[[ The input open ]]

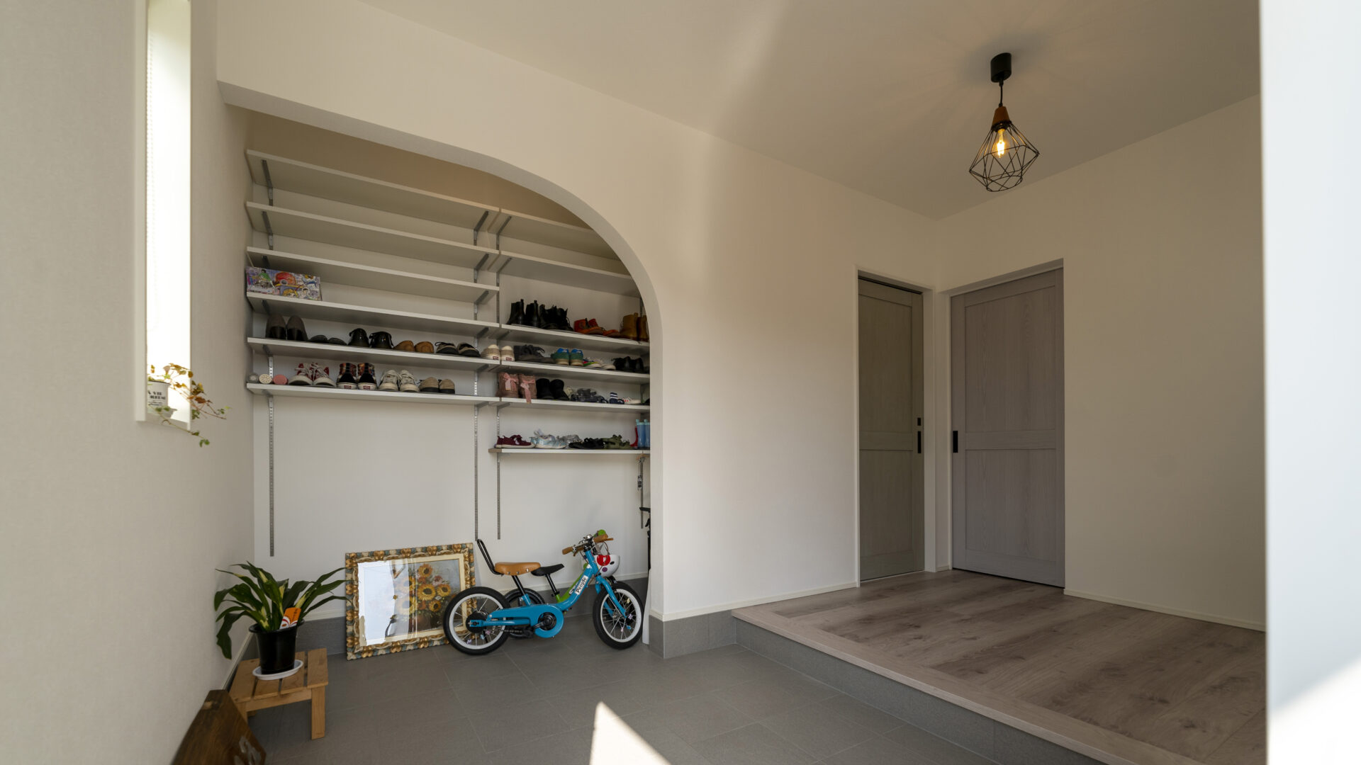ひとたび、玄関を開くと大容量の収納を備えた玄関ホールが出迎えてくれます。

[[ The input closed ]]
[[ The input open ]]

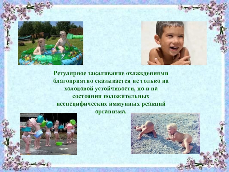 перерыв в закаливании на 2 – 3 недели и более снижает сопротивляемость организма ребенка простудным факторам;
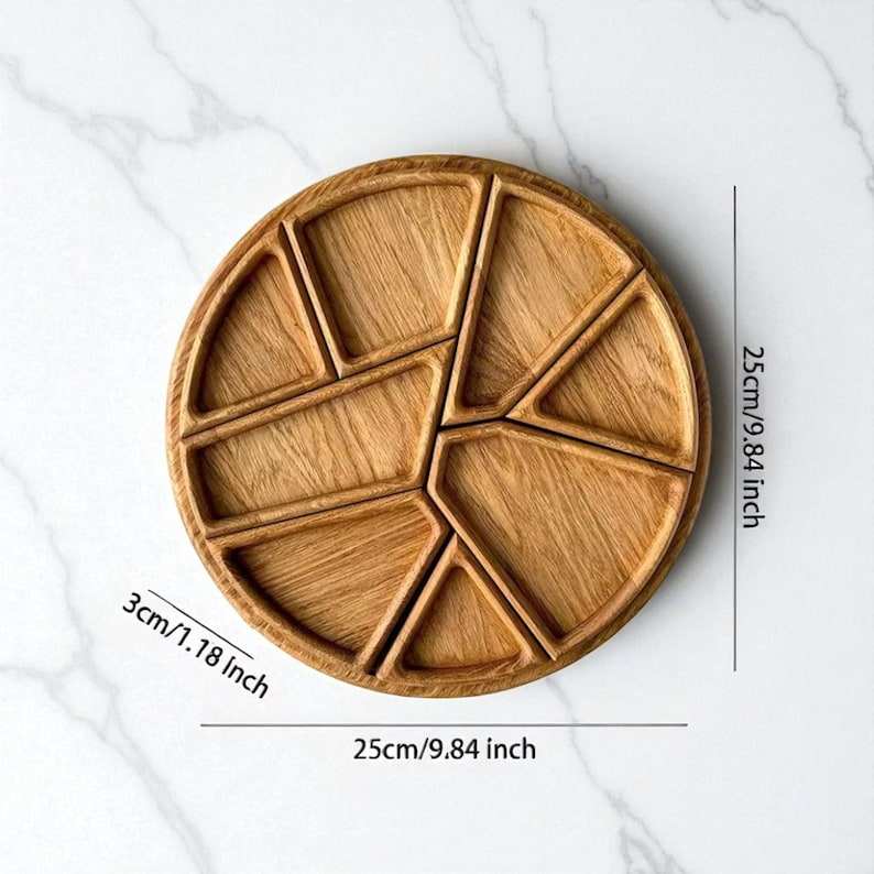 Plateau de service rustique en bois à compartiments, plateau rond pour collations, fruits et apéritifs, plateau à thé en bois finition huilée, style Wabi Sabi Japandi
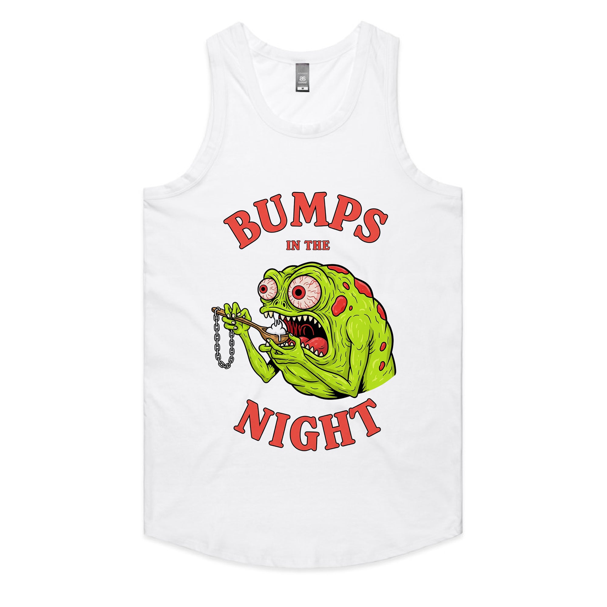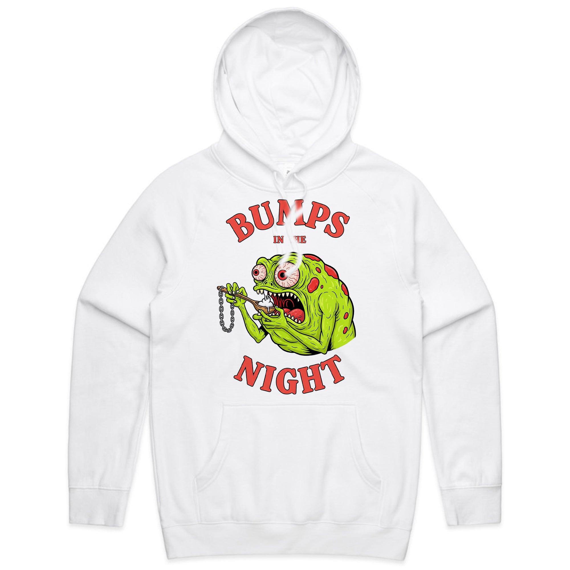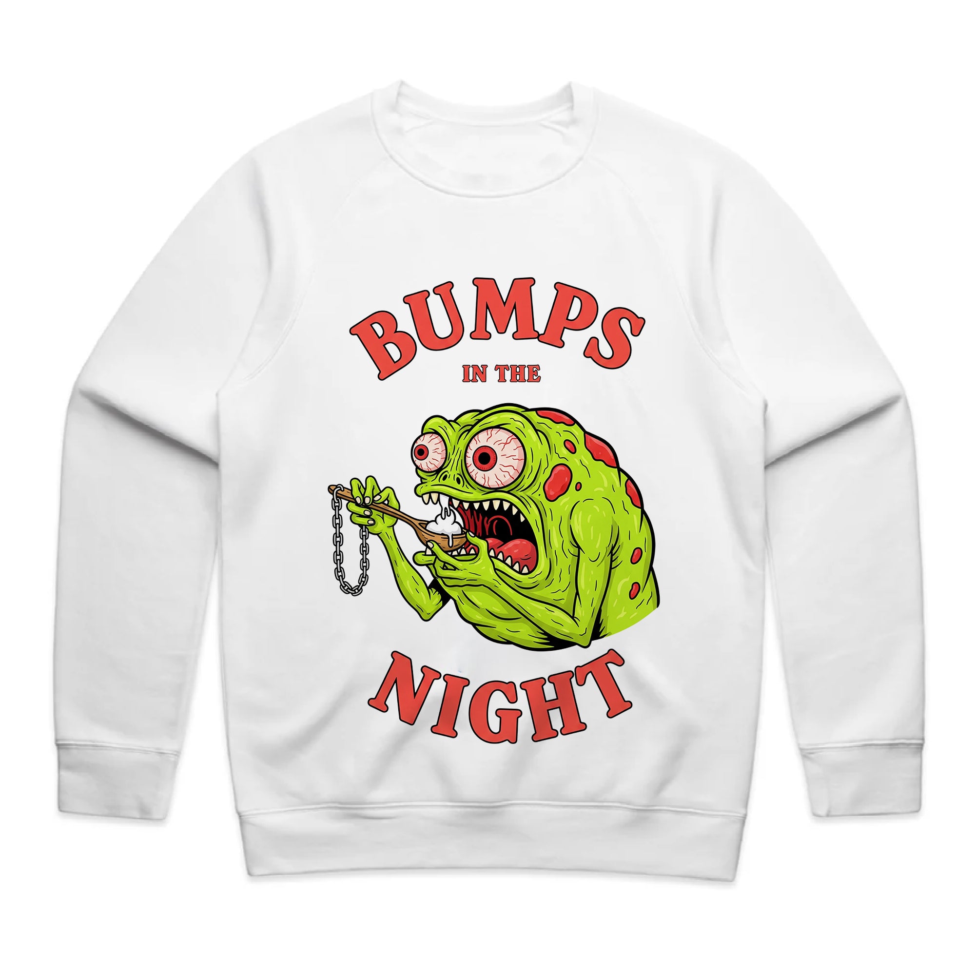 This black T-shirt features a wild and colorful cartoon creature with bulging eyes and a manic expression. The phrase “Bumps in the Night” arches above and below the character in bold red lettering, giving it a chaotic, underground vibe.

[[ The input closed ]]
[[ The input open ]]

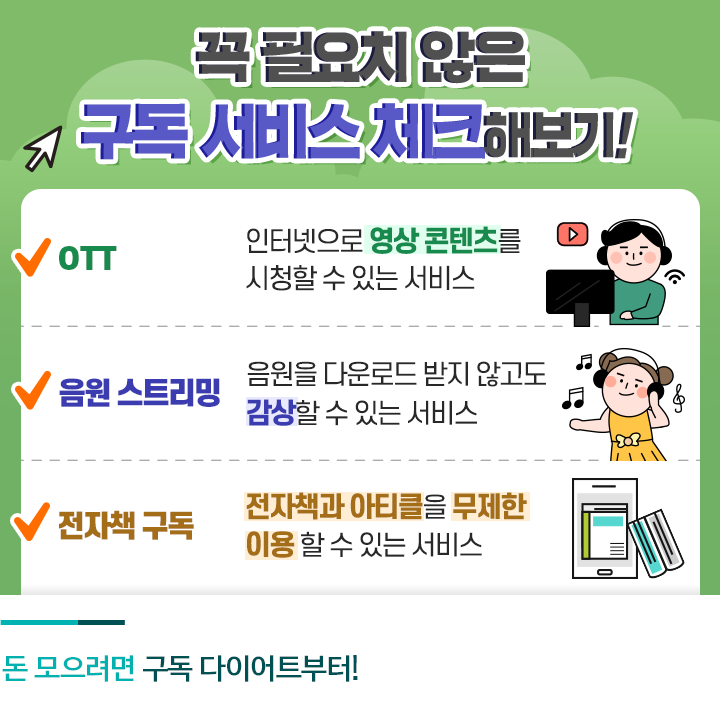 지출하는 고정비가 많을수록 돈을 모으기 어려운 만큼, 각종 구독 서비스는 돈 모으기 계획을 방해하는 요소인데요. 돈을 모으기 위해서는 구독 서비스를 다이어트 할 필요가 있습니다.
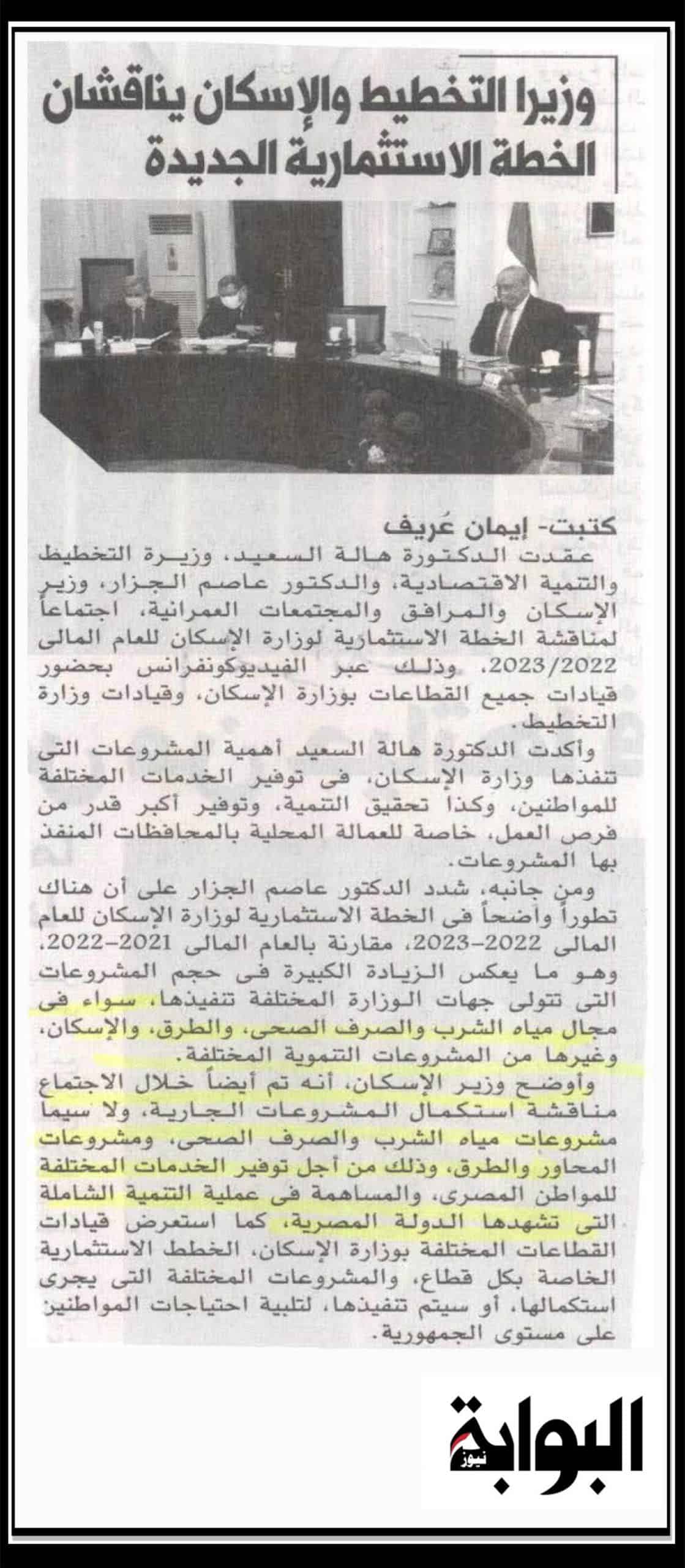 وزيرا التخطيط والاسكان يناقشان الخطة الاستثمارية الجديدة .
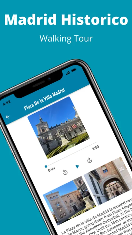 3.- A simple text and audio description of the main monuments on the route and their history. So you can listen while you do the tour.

[[ The input closed ]]

▶ [What the task requires]: Each line above starting at the one holding "지출하는 고정비가 많을수록" and ending at the one holding "وزيرا التخطيط والاسكان" should be set down exactly as it stands, both ends included, with no pictures.

▶ [Result of the exercise]:
 지출하는 고정비가 많을수록 돈을 모으기 어려운 만큼, 각종 구독 서비스는 돈 모으기 계획을 방해하는 요소인데요. 돈을 모으기 위해서는 구독 서비스를 다이어트 할 필요가 있습니다.
 وزيرا التخطيط والاسكان يناقشان الخطة الاستثمارية الجديدة .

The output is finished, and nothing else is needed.